Элиаде отмечал в Предисловии к «Мифу о вечном возвращении», имевшем подзаголовок «Архетипы и повторение»: «Если бы я не боялся показаться слишком нескромным, я дал бы этой книге другой подзаголовок: «Введение в философию истории»» (с. 27) Дело здесь не только в авторской «скромности» — не случайно в немецком издании «Мифа» сохранилось его первоначальное и вполне «историософское» название: «Космос и история» (оно воспроизведено и в первом русском собрании трудов Элиаде). Дело также и в «профессиональном» подходе к историософским проблемам: сам Элиаде считал себя прежде всего историком религий. Этот профессиональный подход нашел отражение, в частности, и в истории, связанной с названием «Очерков сравнительного религиоведения»: Элиаде предполагал назвать книгу либо «Пролегомены в историю религий», либо «Морфология сакрального» и лишь по настоянию издателя назвал ее «Трактатом» (предлагаемое для русского издания название восходит к англоязычному). Между тем «морфология» действительно во многом определяет структуру и содержание книги (недаром вводная I глава имеет заголовок «Структура и морфология сакрального»), поскольку речь в ней идет о формах религиозного культа, мифов и символов.
Этот морфологический подход к классификации самых разных явлений природы и культуры был свойствен науке XIX — первой половины XX в., в том числе и сравнительному изучению мифов и культов, начиная с Якоба Гримма.
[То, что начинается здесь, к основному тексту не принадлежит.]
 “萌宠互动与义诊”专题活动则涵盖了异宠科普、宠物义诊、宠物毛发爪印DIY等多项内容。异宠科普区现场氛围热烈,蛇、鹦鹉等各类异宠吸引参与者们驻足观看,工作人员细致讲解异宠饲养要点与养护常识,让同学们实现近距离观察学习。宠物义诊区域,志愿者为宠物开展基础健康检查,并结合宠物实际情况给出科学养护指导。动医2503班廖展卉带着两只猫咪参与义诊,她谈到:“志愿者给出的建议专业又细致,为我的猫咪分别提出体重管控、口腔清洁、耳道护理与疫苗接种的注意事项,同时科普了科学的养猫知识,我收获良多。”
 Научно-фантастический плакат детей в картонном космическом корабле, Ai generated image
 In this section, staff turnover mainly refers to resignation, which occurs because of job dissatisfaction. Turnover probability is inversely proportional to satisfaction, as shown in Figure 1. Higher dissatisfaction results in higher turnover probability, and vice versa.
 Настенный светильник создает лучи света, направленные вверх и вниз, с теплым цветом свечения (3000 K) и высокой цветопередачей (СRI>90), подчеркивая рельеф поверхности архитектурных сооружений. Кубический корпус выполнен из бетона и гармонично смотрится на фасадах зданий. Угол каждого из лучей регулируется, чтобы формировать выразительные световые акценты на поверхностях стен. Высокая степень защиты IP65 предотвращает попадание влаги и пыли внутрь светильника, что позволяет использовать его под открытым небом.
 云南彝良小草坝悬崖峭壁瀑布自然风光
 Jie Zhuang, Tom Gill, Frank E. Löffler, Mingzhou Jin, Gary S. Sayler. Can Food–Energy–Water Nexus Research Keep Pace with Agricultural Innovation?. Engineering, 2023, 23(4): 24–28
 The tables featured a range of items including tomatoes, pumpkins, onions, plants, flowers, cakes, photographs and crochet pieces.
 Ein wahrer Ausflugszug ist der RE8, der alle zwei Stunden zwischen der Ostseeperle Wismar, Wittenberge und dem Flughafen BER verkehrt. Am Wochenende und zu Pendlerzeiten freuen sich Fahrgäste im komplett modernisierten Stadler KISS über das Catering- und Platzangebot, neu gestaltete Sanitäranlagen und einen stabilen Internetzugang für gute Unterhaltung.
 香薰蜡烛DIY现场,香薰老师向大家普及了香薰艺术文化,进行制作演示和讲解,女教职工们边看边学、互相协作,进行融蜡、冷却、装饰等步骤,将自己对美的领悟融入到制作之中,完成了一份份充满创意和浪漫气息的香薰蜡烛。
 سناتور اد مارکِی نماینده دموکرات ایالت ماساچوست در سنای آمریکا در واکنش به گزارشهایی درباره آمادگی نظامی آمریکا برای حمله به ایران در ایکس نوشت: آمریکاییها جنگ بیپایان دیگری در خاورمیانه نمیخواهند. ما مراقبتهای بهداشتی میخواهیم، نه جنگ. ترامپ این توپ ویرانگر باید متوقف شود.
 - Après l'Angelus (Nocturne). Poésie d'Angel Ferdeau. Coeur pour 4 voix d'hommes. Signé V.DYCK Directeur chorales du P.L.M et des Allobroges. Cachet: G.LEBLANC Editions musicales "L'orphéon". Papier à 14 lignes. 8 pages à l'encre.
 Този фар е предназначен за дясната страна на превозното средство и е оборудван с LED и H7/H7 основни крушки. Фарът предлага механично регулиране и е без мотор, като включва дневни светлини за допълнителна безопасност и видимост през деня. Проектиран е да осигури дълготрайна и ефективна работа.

Действительно, культы Неба, светил, воды, Земли, плодородия и т. д. и т. п. стали традиционными рубриками подобных исследований. Эти «формы» множились по мере того, как исследователям открывалось богатство эмпирического опыта, и при попытках установить некую структуру или иерархию форм, равно как и при стремлении обнаружить исходные или исторически вторичные формы, возникали непреодолимые сложности. (Ср. упомянутые в книге (§ 7 и прим. 44) теории анимизма как минимума для формирования религиозных верований у Э. Б. Тайлора и преанимизма у Дж. Фрэзера — Маррета, гипертрофированные представления о культе Солнца у Перри (см. § 36 в гл. III и прим. 466) и т. п.) Кроме того, сам сравнительный метод, позволявший, с одной стороны, классифицировать огромный материал по разным традициям, с другой — не избавлял от того, что любая произвольно выбранная «форма» — будь то культ Солнца или культ некоего Высшего существа — могла быть рассмотрена как универсально доминирующая или исходная. Естественно, Элиаде в своих «Очерках» не мог избавиться от роли наследника этой «морфологической» традиции и не избежал влияния таких столпов культурной антропологии первой половины XX в., как Джеймс Фрэзер и особенно Вильгельм Шмидт. Влияние последнего показательно прежде всего, ибо его подход к культу Верховного существа, обнаруживаемому в разных обществах (во многом благодаря усилиям и методам описания этнографов–миссионеров — см. прим. 61), как к «архетипической» основе монотеизма близок к подходу самого Элиаде, утверждающего, что «не существует религиозной формы, которая бы не стремилась к возможно большему приближению к своему подлинному архетипу…» (Заключение)[1715].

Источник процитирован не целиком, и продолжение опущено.